Perhaps the scariest statistic out of all those I found came from the Employee Benefit Research Institute's 16th Annual Retirement Confidence survey. This found that 31% of those aged 45 to 54 had accumulated less than $10,000 for their retirement. Of those over age 55, some 36% reported having less than $10,000 accumulated.

In case you just did a double take, I have to assure you that the 10-grand figure is not a misprint. Even in a place as rife with denial as Boomerland, you have to wonder if these people are giving any thought to how they're going to live when they stop working. Or do they intend to stop working?

Many boomers, in fact, say they not only will but want to continue working past normal retirement age. But this may simply be making a virtue of out of (sheer) necessity.

Lest you think that this is an isolated statistic, here is another sobering analysis–this one done by the Center for Retirement Research at Boston College. The CRR developed a National Retirement Risk Index that measures the percentage of working-age households that are at risk of not being able to maintain their pre-retirement standard of living once they stop working.

While the formula that CRR came up with is complex, the results of their calculations are so striking they hit you right in the face. Defining an at-risk household as being one whose retirement income is likely to be more than 10% below the target income needed to maintain their pre-retirement standard of living, CRR found that 43% would be at risk of having inadequate retirement income. And this is even if they retired at age 65 and annuitized all their household wealth.

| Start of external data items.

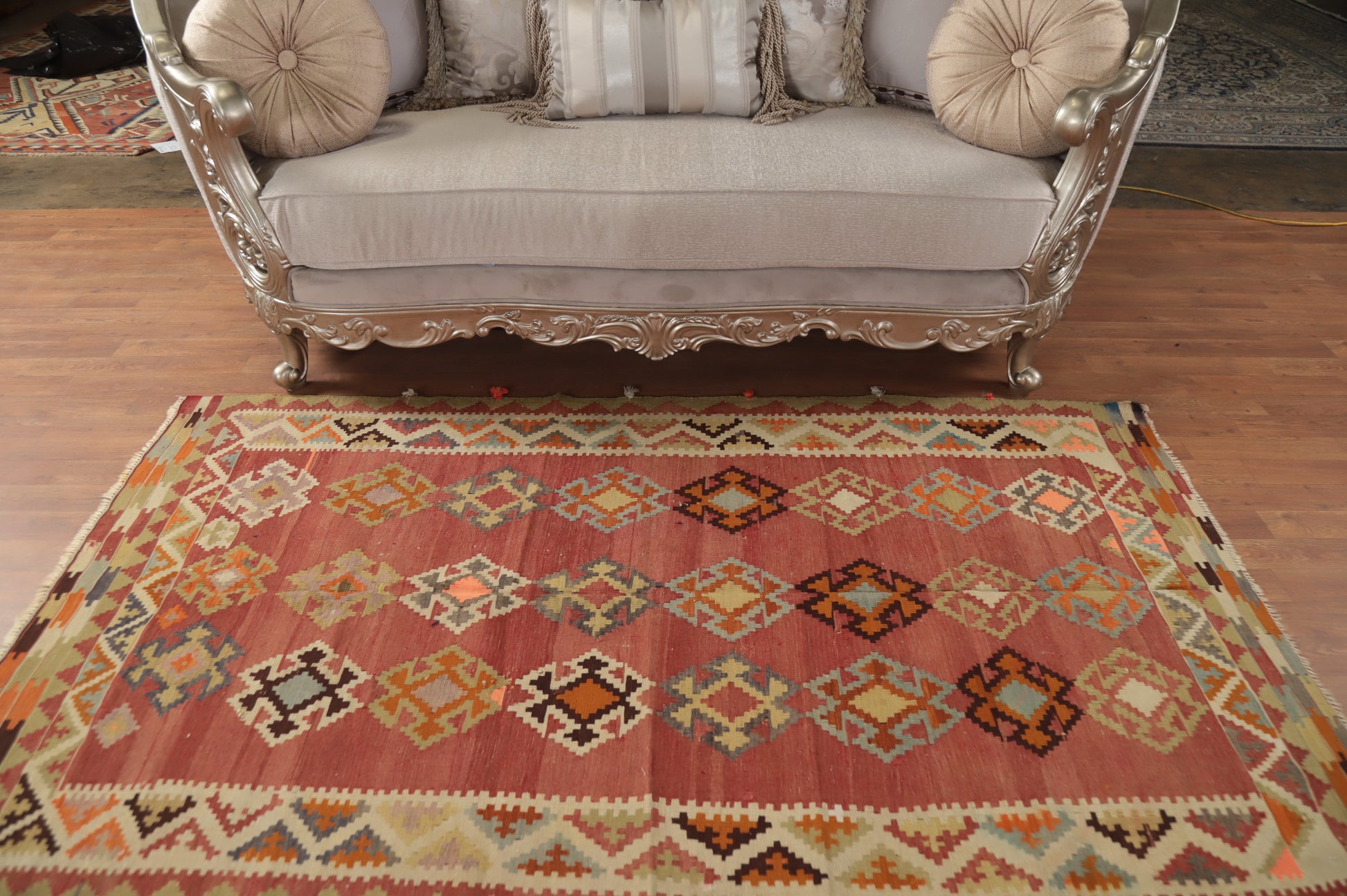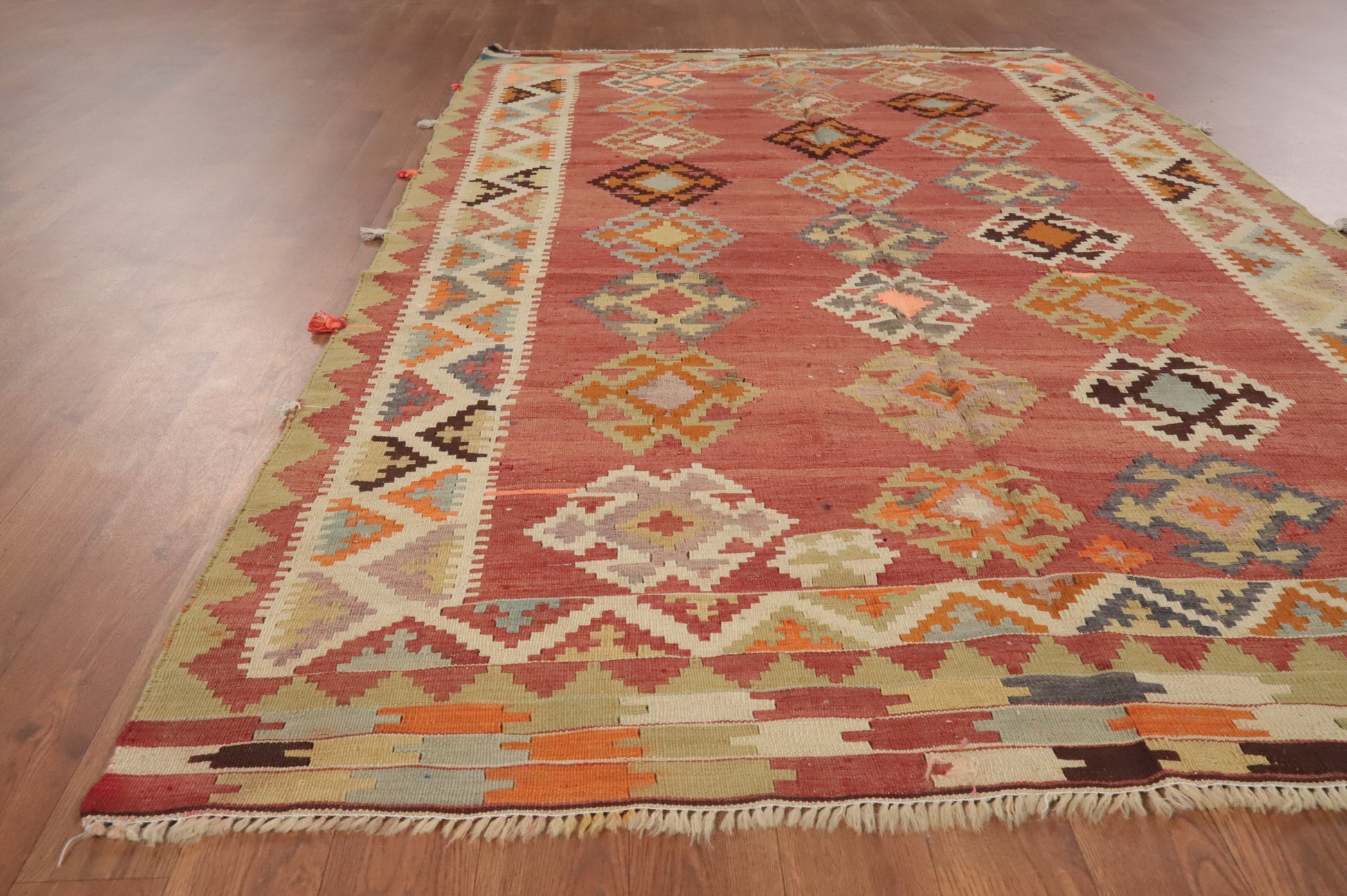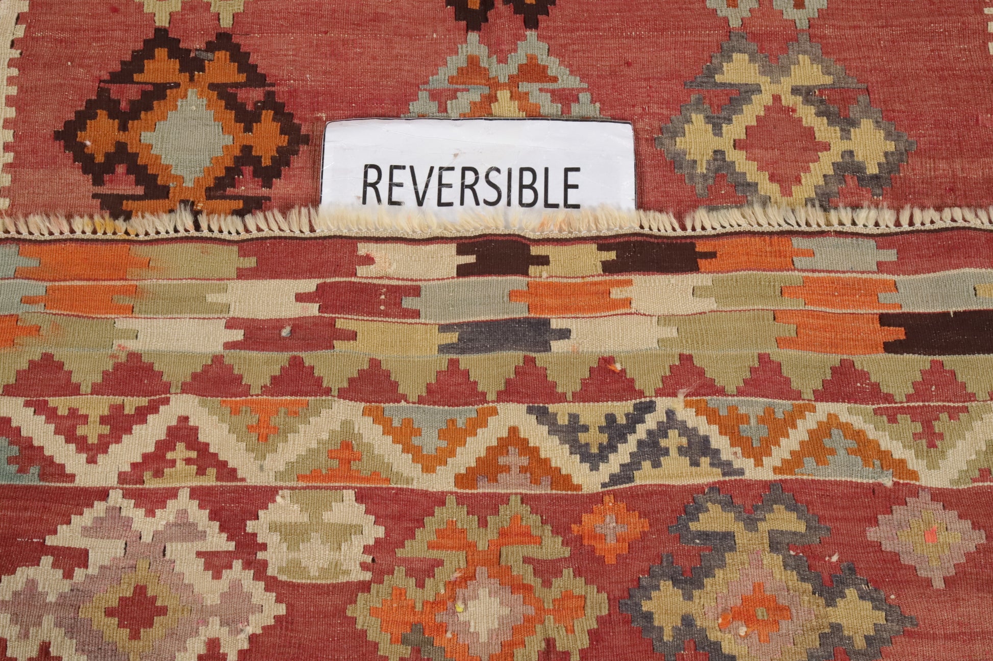 A Beautiful Genuine Persia ( Persia ) Kilim (Qashqai) rug is Hand Woven by skillful weavers in Persia ( Persia ) with 100% Wool Material. This rug is in Very Good (Abrash-Repair) condition. dimensions are 7' 0'' X 3' 11'' in foot and  213 X 119 in centimeter. the primary color is Oranges & Rust.
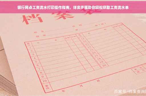 在现代社会,随着经济的发展和个人财务的日益复杂化,越来越多的人开始关注自己的工资流水情况,银行网点作为提供金融服务的重要场所,其工资流水打印服务也备受关注,本文将详细介绍在银行网点进行工资流水打印的步骤、注意事项等,以便广大市民更好地了解并顺利办理相关业务。
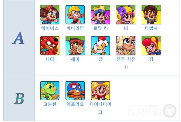 한편 터보 부츠 2개를 획득하는 닭과 벌을 소환하는 비, 당근을 캐내 전리품을 획득하는 메이비스 등이 A 티어를 획득했다. 또 무작위 마법을 주는 마법사, 치유 처냇을 배치하는 팸, 발사 속도 증가하는 중화기병 등이 A급에 했다. 가장 많이 보이는 캐릭터 중의 하나인 고블린과 엘프리모, 다이너마이크는 가장 낮은 B급에 속했다.

It looks as if a lot of people are going to be counting on Social Security to live on when they retire. The thought of fighting over the cat food with your grimalkin is not a comforting one.

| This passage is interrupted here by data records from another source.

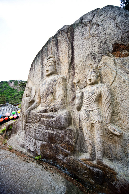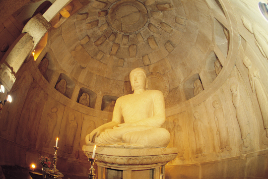 석굴암의 중심은 부처의 세계를 나타내는 주실의 본존불이다. 본존불은 앉은키가 3.5m에 이르는 거대한 불상이다. 눈을 감고 엷은 미소를 띤 자비심 느껴지는 표정은 생불을 대하는 듯 착각을 불러일으킬 정도다. 불상의 부드러운 곡선미는 전체적로 편안하고 여유로운 느낌을 전한다. <사진=한국관광공사 제공>
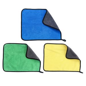 The double-sided padded cleaning towel is made of 80% polyester and 20% polyamide fiber, and it is equipped with a hook design.
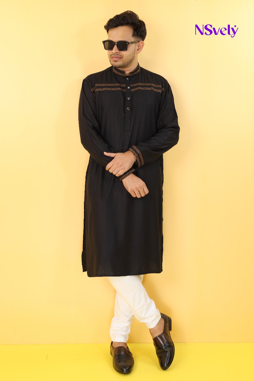 Premium Embroidery Semi Fit Panjabi - [BLACK] 29
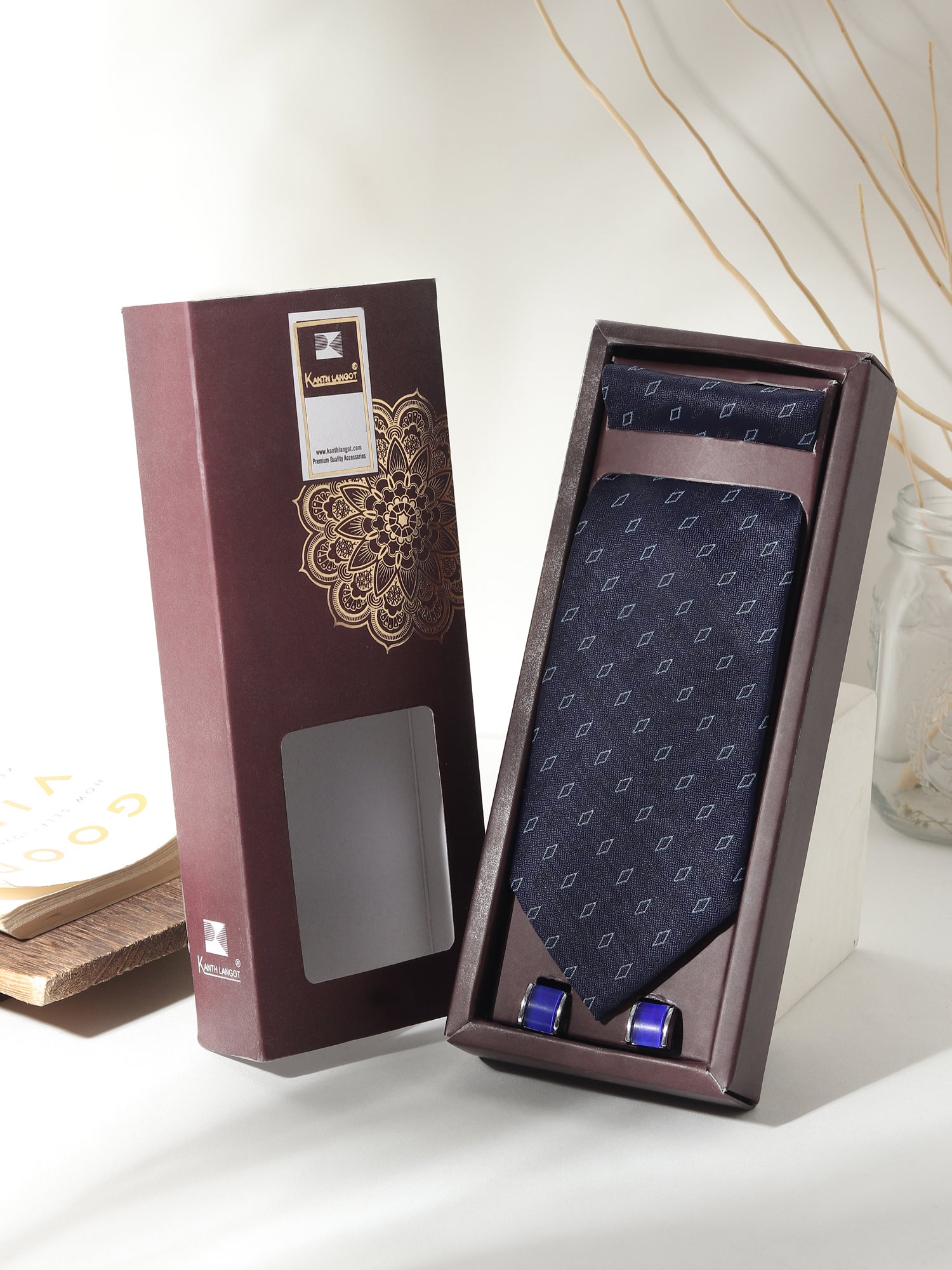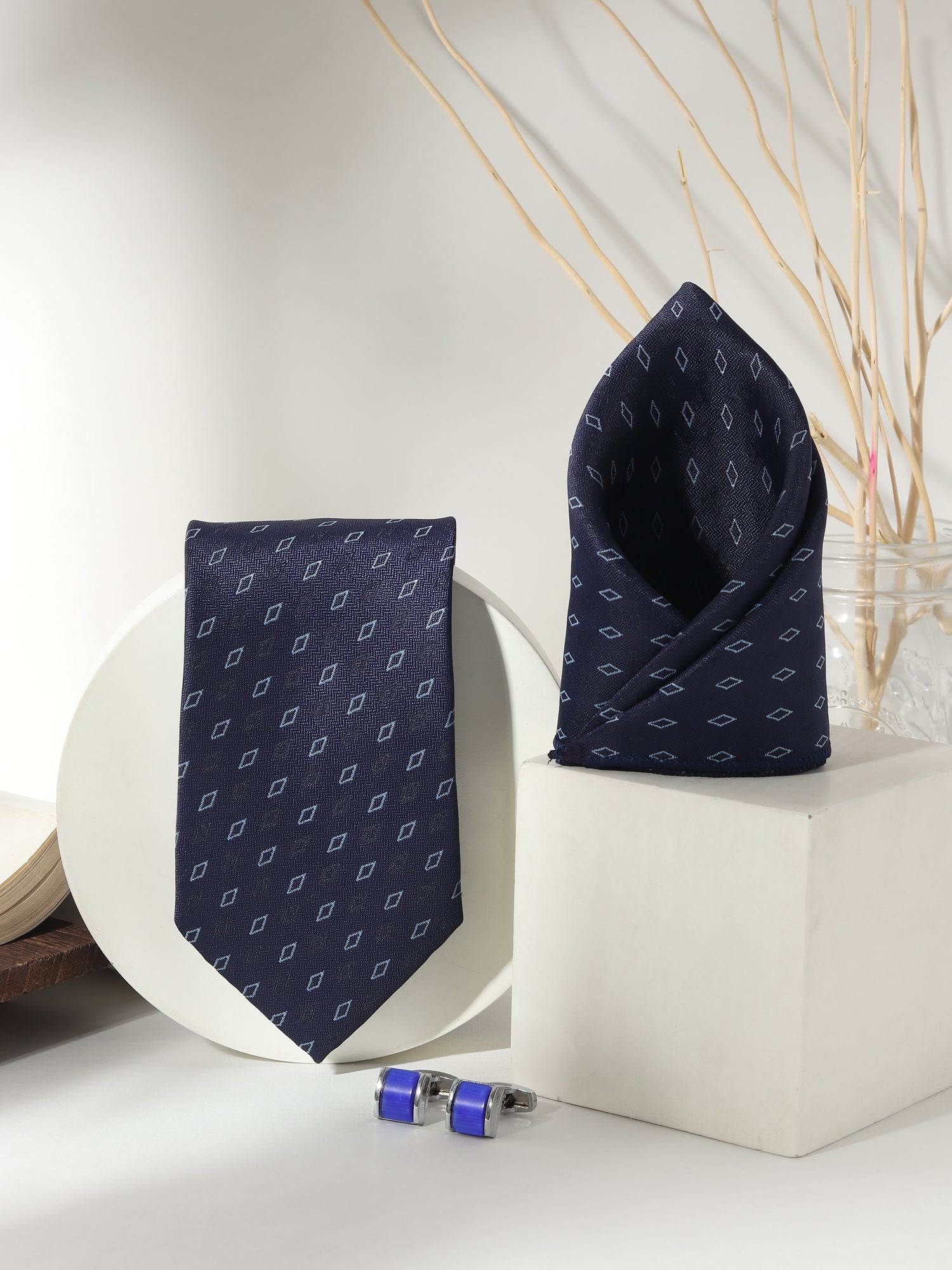 Modern yet classic, the Kanthlangot navy diamond tie set blends subtle geometric patterns with an electrifying pop of color. The deep navy tie and pocket square feature a repeating diamond motif, adding refined texture to formal wear, while the electric blue enamel cufflinks serve as a striking contrast—perfect for men who lead with presence.

In the face of statistics like these which show that many boomers have only a limited pot of money for retirement and other protection product needs, the thesis of my talks was that the insurance industry needs to stop thinking of itself as the "insurance" industry and instead start thinking of itself as the solutions business. I'm happy to say that this was my conclusion before I found out that the National Association for Variable Annuities had decided to henceforth call itself NAVA with the tagline "The association for insured retirement solutions."

This is definitely the message that boomers need to hear over and over again.

Halloween, with its mock-scary fantasies, is a fun holiday–once a year. Unfortunately, too many boomers now are living day-to-day in some kind of fantasy world that is going to ensure there's no escaping later on. The fun house is going to turn out to be anything but.